Never fret. I’m here to paraphrase and quote from E. R. Davies’ Computer Vision: Principles, Algorithms, Application. I’ve sucked up to E. R. Davies before, I think he’s a wonderful person, and his contributions to the field of computer and machine vision and pattern recognition shan’t be let adrift from out minds. His books are perfect because he’s too… industrial. He’s not about theory, he’s all about application!

This post looks at classification through vision. So you’ve been warned.

When the objects that appear in an image have simple shapes, just one stage of processing may be required, – as in the case of circular washers on a conveyor belt. For more complex objects such as flat brackets and hinges, locating them requires at least two stages – as when graph matching methods are used. For situations where the full complexity of three dimensions occurs, more subtle procedures are usually required. Indeed, the very ambiguity involved in interpreting 2-D images from a set of 3-D objects generally requires cues to be sought and hypotheses to be proposed before any serious attempt can be made with the task. Thus, cues are vital to keying into complex data structures of many images. However, for simple situations, concentration on small features is valuable in permitting image interpretation to be carried out efficiently and rapidly. Neither must it be forgotten that in many applications of computer vision, the task is made simpler by the fact that the main interest lies in specific types of object.

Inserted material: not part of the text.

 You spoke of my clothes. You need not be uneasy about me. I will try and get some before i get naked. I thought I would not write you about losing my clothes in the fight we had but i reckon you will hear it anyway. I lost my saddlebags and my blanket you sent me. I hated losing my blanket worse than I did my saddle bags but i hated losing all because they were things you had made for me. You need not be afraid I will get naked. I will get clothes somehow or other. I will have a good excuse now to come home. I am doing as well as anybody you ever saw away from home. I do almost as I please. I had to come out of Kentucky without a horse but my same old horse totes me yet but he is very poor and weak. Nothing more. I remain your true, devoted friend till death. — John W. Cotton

In practical situations, measurements of prominent features allow most objects to be classified straightforwardly. In fact, this is most commonly achieved with varying degrees of certainty, but by comparing object features with those of a great many other known objects, we arrive at classifcations that are statistically the most likely ones. Hence, this sort of classification procedure is called SPR.

A good number of early pattern recognition techniques and algorithms followed the SPR approach without proceeding to the next stage – that of determing the solution that is mathematically the most probable one. Thus, an important goal has been to move the sujbects from SPR to PPR → Probable Pattern Recognition. Indeed, the key aim of ML is to progress towards probabilistic pattern recognition. In this blog post, we’ll study SPR. We’ve already discussed PPR in the last post, one of the aspects of it, at least, called the EM algorithm. We’ll unravel more aspects of PPR later.

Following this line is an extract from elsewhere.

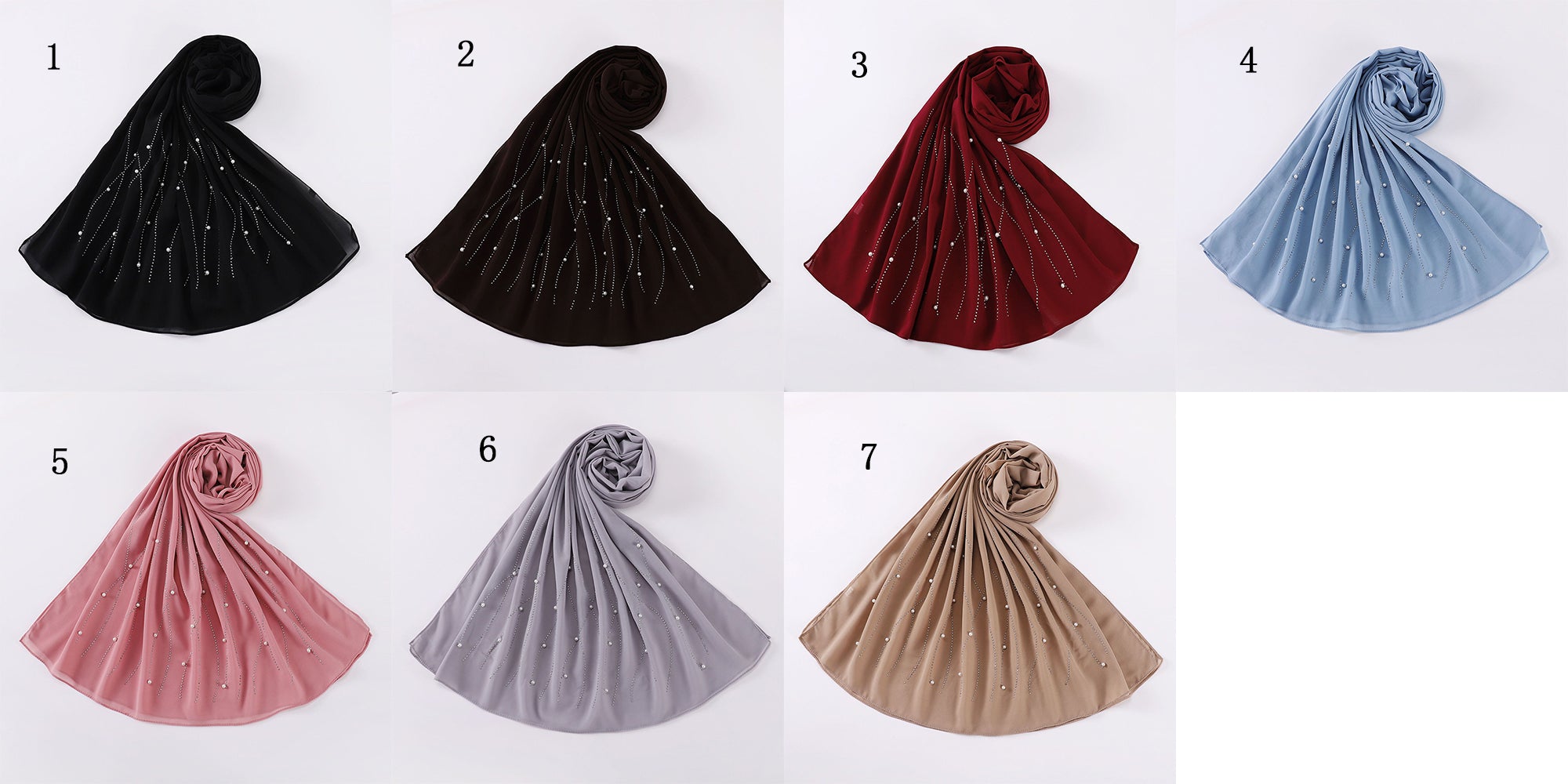 W-0045 plain pearl chiffon hot stamping nail bead hijab scarf

Let’s talk about NN: Nearest Neighbor algorithm. The principle of the NN algorithm is that of comparing input image patterns against a number of paradigms and then classifying them according to the class of the paradigm that gives the closest match. Below yo see a principle component analyzed dataset wherein the dataset, in blue, is closer in paradigm to green rather than red.

 

An instructive but rather trivial example is shown below:

Here, a number of binary patterns are presented to the computer in the training phase of the algorithm: then the test patterns are presented one at a time and compared bit by bit against each of the training patterns. It is clear that this gives a generally reasonable result, the main problems arise when 1) training patterns of different classes are close together in Hamming distance – Hamming distance begin the distance between the image and its anomalies – and 2) minor translations, rotations, or noise cause variations that inhibit accurate recognition. More generally, problem 2 means that the training patterns are insufficiently representative of what will appear during the test phase. The latter statement encapsulates an exceptionally important principle, and it implies that there must be sufficient patterns in the training set for the algorithm to be able to generalize over all possible patterns of each class. However, problem 1 implies that patterns of two different classes may in some case be so similar as to be indistinguishable by any algorithm; and then it is inevitable that erroneous classifications will be made. It is seen below that this is because the underlying distribution in feature space overlap.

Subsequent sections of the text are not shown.